• DATA EXTRACT:
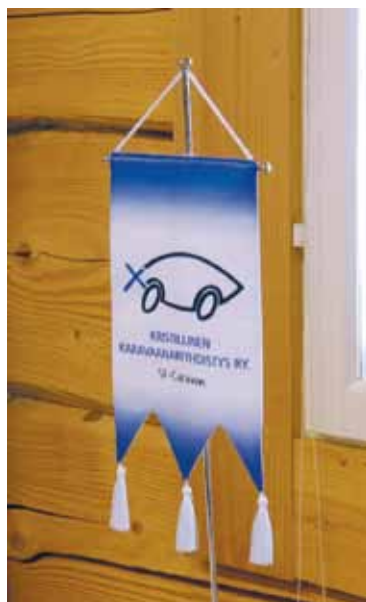
Yhdistyksen hieno standaari.
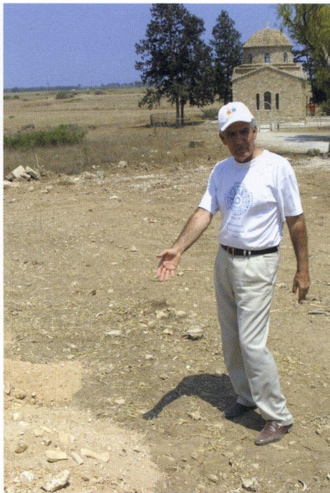
α: Όστρακα στα χώματα που ανέσκαψε ο εκσκαφέας στη βόρεια πλευρά.
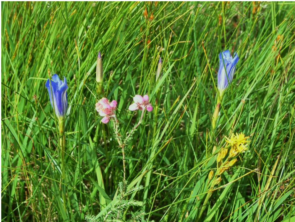
Kommuneblomsten Klokkesøte
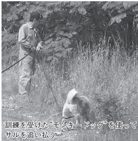
訓練を受けた「モンキー・ドッグ」を使ってサルを追いかける

ものです。現在、猟友会会員は19名と少数であることから、農作物等を有害鳥獣から守る担い手を育成するために助成します。なお、免許取得後は猟友会に入会し、有害鳥獣の捕獲に取り組むことが条件となります。
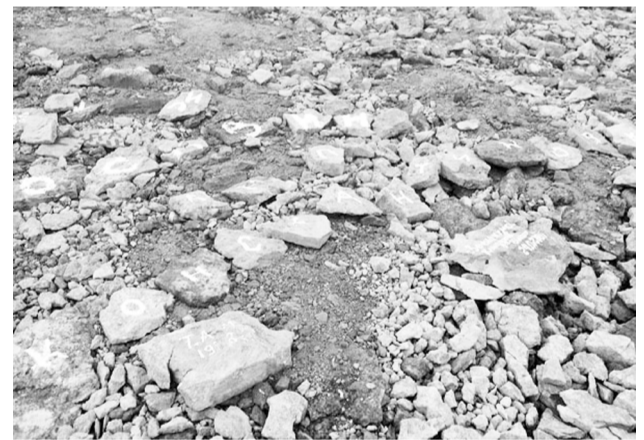
Пам'ятка про шахтарів вісімдесятих років на вершині гори Піраміда

За кілька десятиліть ці написи ніскільки не вицвіли, навіть каміння з буквами «К», «О», «Н», «С», «Т», «А», «Н», «Т», «И», «Н», «О», «В», «К», «А» лежать у суворій послідовності, як їх залишив шахтар на прізвище «М», «О», «С», «К», «В», «И», «Н» колись за часів Радянського Союзу.
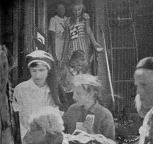
Die Begleiterinnen sorgen für die richtige Überstellung im Waggon.
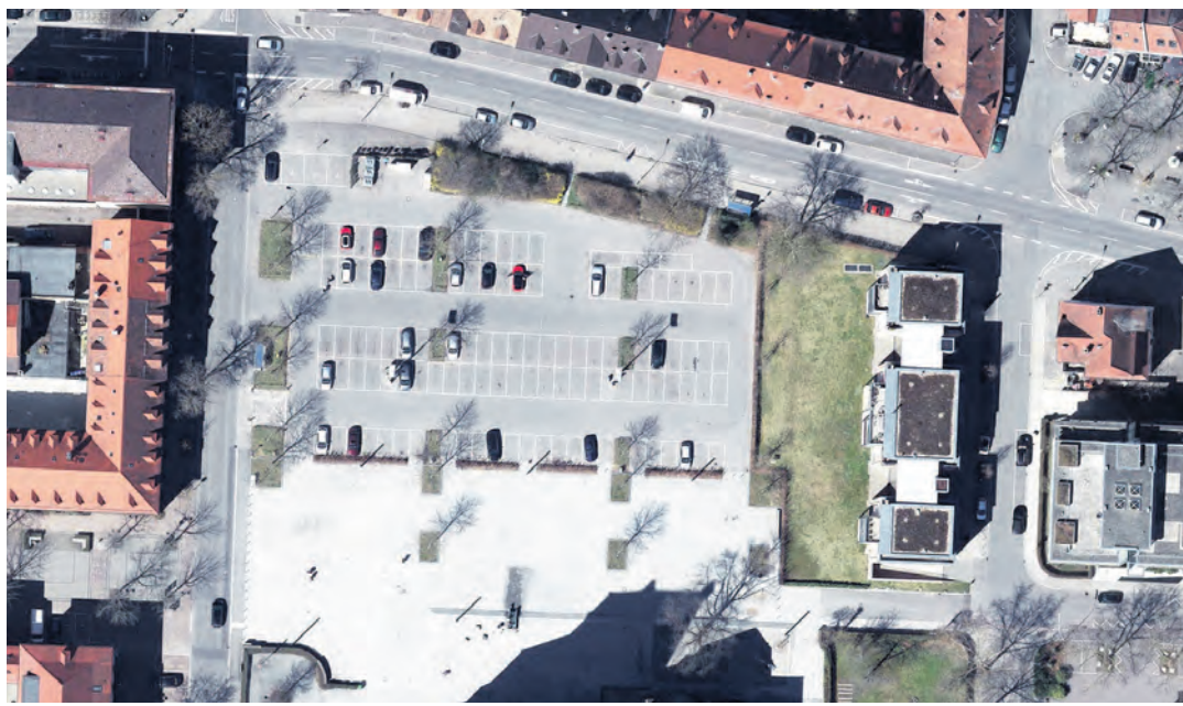
Laut der Ergebnisse der Bürgerwerkstatt könnten ein u-förmiger Neubau und ein Biergarten für eine Belebung am Herz-Jesu-Platz sorgen.

Singen (ly). Bei der Bürgerwerkstatt ging es um die künftige Gestaltung der Nordhälfte des Herz-Jesu-Platzes. Dabei waren Kreativität und Offenheit sowie Ideen gefragt, aber auch Entscheidungsfindungen. Bei den mehrmaligen Treffen der Bürgerwerkstatt zur zukünftigen Gestaltung dieses zentralen Platzes in Singen wurden die Grundlagen für die Planungsbüros erarbeitet und mit den Architekten die doch sehr vielfältigen Entwurfsskizzen diskutiert.
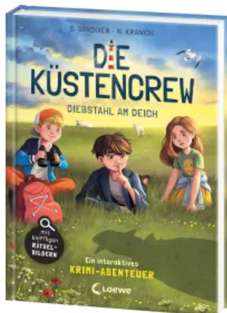
Die Küstencrew (Band 3) - Diebstahl am Deich Hardcover
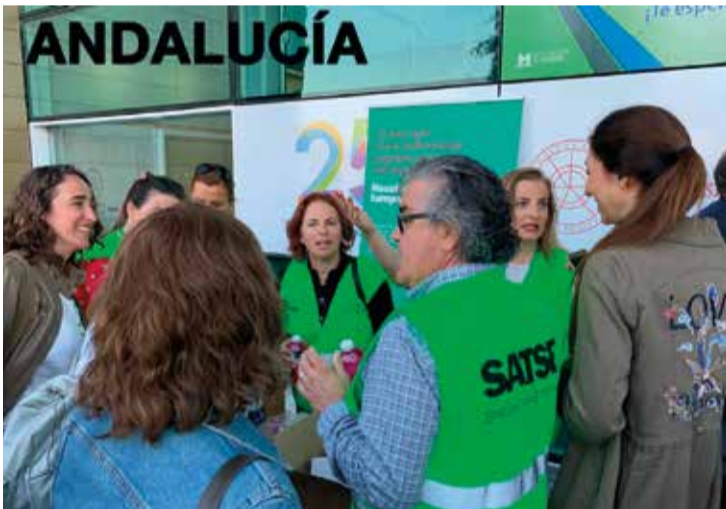
Todas las provincias pusieron en marcha dispositivos de asesoramiento y apoyo
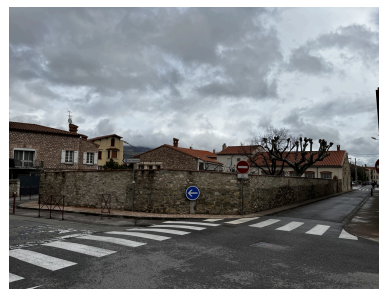
École maternelle, Écoles primaires de filles et de garçons, actuelles école maternelle Pasteur, écoles élémentaires Jean Petit et Jean Clerc - Vue Sud-Ouest de la maternelle. IVR76_20226665784NUCA
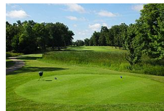
Dårlig eksempel med straffeområde rett utslagsområdet
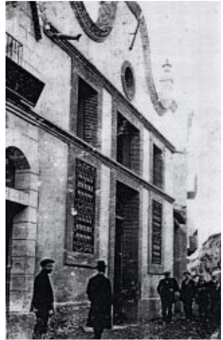
Edifici de la Dàlia Blanca. Any 1910
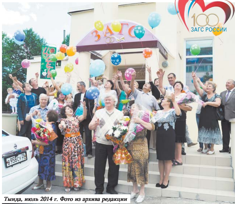
Тында, июль 2014 г.

Именно священником записывались в метрической книге следующие сведения: имена и фамилии вступающих в брак, время совершения таинства брака, год, месяц и день рождения жениха и невесты, их вероисповедание, их семейное состояние до времени вступления в брак, их сословие, место жительства жениха, его занятие (а также занятия невесты, «если перед браком она само-
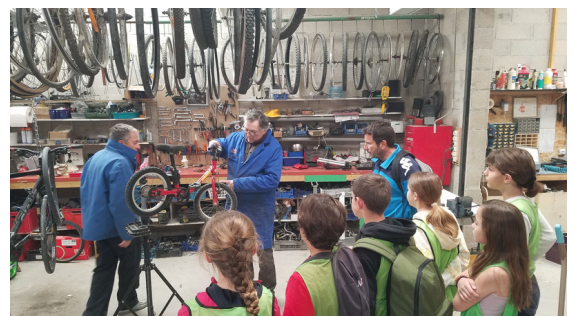
Archéologie : Massargues, cité médiévale, se dévoile

Société - Publié le 21 juillet 2022 à 09h00, par Alban Laffitte
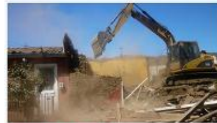
Demolición ilegal en Cuernavaca
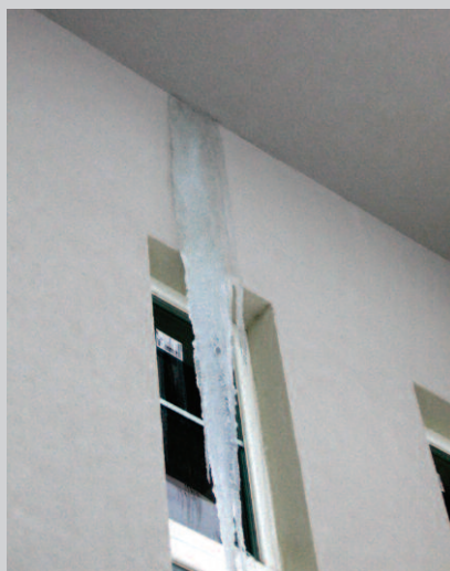
Fot. 1. Styczeń 2010 r. Nawis lodowy powstał w ok. 60 h wskutek działania urządzeń osuszających nieocieplone jeszcze poddasze. Widoczne okno doświetla klatkę schodową, a nad nim jest ocieplony gzyms betonowy

Skutki te są najczęściej widoczne w czasie długotrwałych i silnych mrozów. Powstają wówczas charakterystyczne nawisy lodowe. Najwięcej takich sopli oglądałem zimą 2010 r. (fotografie 1 i 2). We wszystkich budynkach z takimi nawisami lodowymi, dachy i ich pokrycia nie były wentylowane. Jednocześnie w tych budynkach, w następnych latach (po 2010 r.), w okresach zimowych nie pojawiły się już żadne nawisy lodowe ani zacieki w miejscach pokazanych na fotografiach. Nie oznacza to, że nie działają już tam przewiewy. Z charakteru tych zjawisk wynika, że skoro raz pojawiły się dowody funkcjonowania przewiewów, to bez

• WHAT IS REQUIRED: Your response must reproduce every line of the data exactly, with images omitted.

• TASK ANSWER:
Yhdistyksen hieno standaari.
α: Όστρακα στα χώματα που ανέσκαψε ο εκσκαφέας στη βόρεια πλευρά.
Kommuneblomsten Klokkesøte
訓練を受けた「モンキー・ドッグ」を使ってサルを追いかける

ものです。現在、猟友会会員は19名と少数であることから、農作物等を有害鳥獣から守る担い手を育成するために助成します。なお、免許取得後は猟友会に入会し、有害鳥獣の捕獲に取り組むことが条件となります。
Пам'ятка про шахтарів вісімдесятих років на вершині гори Піраміда

За кілька десятиліть ці написи ніскільки не вицвіли, навіть каміння з буквами «К», «О», «Н», «С», «Т», «А», «Н», «Т», «И», «Н», «О», «В», «К», «А» лежать у суворій послідовності, як їх залишив шахтар на прізвище «М», «О», «С», «К», «В», «И», «Н» колись за часів Радянського Союзу.
Die Begleiterinnen sorgen für die richtige Überstellung im Waggon.
Laut der Ergebnisse der Bürgerwerkstatt könnten ein u-förmiger Neubau und ein Biergarten für eine Belebung am Herz-Jesu-Platz sorgen.

Singen (ly). Bei der Bürgerwerkstatt ging es um die künftige Gestaltung der Nordhälfte des Herz-Jesu-Platzes. Dabei waren Kreativität und Offenheit sowie Ideen gefragt, aber auch Entscheidungsfindungen. Bei den mehrmaligen Treffen der Bürgerwerkstatt zur zukünftigen Gestaltung dieses zentralen Platzes in Singen wurden die Grundlagen für die Planungsbüros erarbeitet und mit den Architekten die doch sehr vielfältigen Entwurfsskizzen diskutiert.
Die Küstencrew (Band 3) - Diebstahl am Deich Hardcover
Todas las provincias pusieron en marcha dispositivos de asesoramiento y apoyo
École maternelle, Écoles primaires de filles et de garçons, actuelles école maternelle Pasteur, écoles élémentaires Jean Petit et Jean Clerc - Vue Sud-Ouest de la maternelle. IVR76_20226665784NUCA
Dårlig eksempel med straffeområde rett utslagsområdet
Edifici de la Dàlia Blanca. Any 1910
Тында, июль 2014 г.

Именно священником записывались в метрической книге следующие сведения: имена и фамилии вступающих в брак, время совершения таинства брака, год, месяц и день рождения жениха и невесты, их вероисповедание, их семейное состояние до времени вступления в брак, их сословие, место жительства жениха, его занятие (а также занятия невесты, «если перед браком она само-
Archéologie : Massargues, cité médiévale, se dévoile

Société - Publié le 21 juillet 2022 à 09h00, par Alban Laffitte
Demolición ilegal en Cuernavaca
Fot. 1. Styczeń 2010 r. Nawis lodowy powstał w ok. 60 h wskutek działania urządzeń osuszających nieocieplone jeszcze poddasze. Widoczne okno doświetla klatkę schodową, a nad nim jest ocieplony gzyms betonowy

Skutki te są najczęściej widoczne w czasie długotrwałych i silnych mrozów. Powstają wówczas charakterystyczne nawisy lodowe. Najwięcej takich sopli oglądałem zimą 2010 r. (fotografie 1 i 2). We wszystkich budynkach z takimi nawisami lodowymi, dachy i ich pokrycia nie były wentylowane. Jednocześnie w tych budynkach, w następnych latach (po 2010 r.), w okresach zimowych nie pojawiły się już żadne nawisy lodowe ani zacieki w miejscach pokazanych na fotografiach. Nie oznacza to, że nie działają już tam przewiewy. Z charakteru tych zjawisk wynika, że skoro raz pojawiły się dowody funkcjonowania przewiewów, to bez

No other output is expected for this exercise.